Die junge Generation gilt als politikverdrossen, gar apolitisch und schwer zu überzeugen. Doch diese Mär wischt die junge Frau, die nun am Stand steht, bestimmt zur Seite. Sie weiß sehr genau, wem sie am Sonntag ihre Stimme geben wird. Die Linke sei, weil authentisch und mit einem sozialen Gewissen ausgestattet, die einzig wählbare Alternative, findet sie. „Sie hat mich schon beeinflusst“, gibt ihr Begleiter lächelnd zu, will sich aber noch weiter überzeugen lassen und hat ein paar Fragen an Roland Meier. Jetzt ist der Kandidat gefordert – mit Eva Bulling-Schröter an der Seite. Der Abiturient möchte Pfleger werden. „Wie also steht die Linke zur Pflege?“Pflegekräfte seien total unterbezahlt, diese wichtige Tätigkeit müsse besser entlohnt werden, erklärt der Wahlkämpfer. Die Linke möchte eine gesetzliche Personalbemessung einführen und 160 000 neue Fachkräfte in Krankenhäusern einstellen, davon 100 000 in der Pflege. Deutschland sei, durch den politisch gewollten Wettbewerb zwischen den Krankenhäusern, Schlusslicht beim Pflegepersonal, was sich prekär auf die Patientenversorgung auswirke. „Deutschland ist eines der reichsten Länder und bringt da nichts zuwege. Es fehlt der politische Wille“, tadelt Meier und ist gleich beim nächsten Thema – Arbeit. Er wettert gegen Werkverträge und Leiharbeit. Angestellt bei einem großen Ingolstädter Unternehmen, wisse er, wie Belegschaften dadurch gespalten würden.
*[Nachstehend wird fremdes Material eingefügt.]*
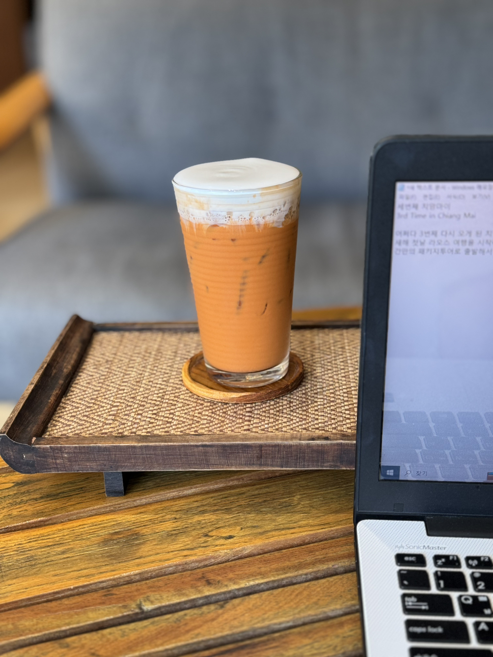 그리고 여행 가서 카페 투어가 무엇보다 중요한 저에게 치앙마이는 꽤 괜찮고 준수한 카페가 많이 있습니다. 그리하여 도착한 이후부터 거의 매일 숙소 근처의 괜찮은 카페를 찾아다니며 오전의 커피 타임을 즐겼습니다. 그리고 좋아하는 타이 밀크티가 보이면 사 먹고 과일 스무디도 하루에 2개씩 챙겨 마시기도 하고 그렇게 보내고 있습니다.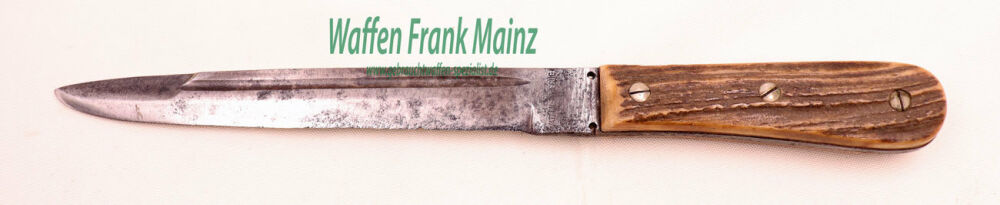 Parierstange fehlt, fachlich Hirschorn beschalt, vermutlich Bajonettklinge mit Blutrinne überarbeitet und Spitze in Dolchform gearbeitet, Klingenheft mit Firmenbeschriftung links "Waffen Lösche, Berlin", rechts "C.h.A.W", ohne passende Scheide.......ein interessantes Stück mit viel Restaurierungspotenzial...

Ob der junge Mann sich überzeugen hat lassen? Das will er nicht verraten und natürlich ist die Argumentation mit offenem Ausgang das Schicksal aller Wahlkämpfer. Das „Zeugnis“gibt’s erst am Wahlsonntag ab 18 Uhr. Bis es soweit ist, wartet auf Roland Meier noch viel politische Kärrnerarbeit. Schon am Nachmittag folgt der nächste Auftritt bei der Rede von Dietmar Bartsch, Spitzenkandidat und Fraktionsvorsitzender der Linken im Bundestag, auf dem Ingolstädter Rathausplatz.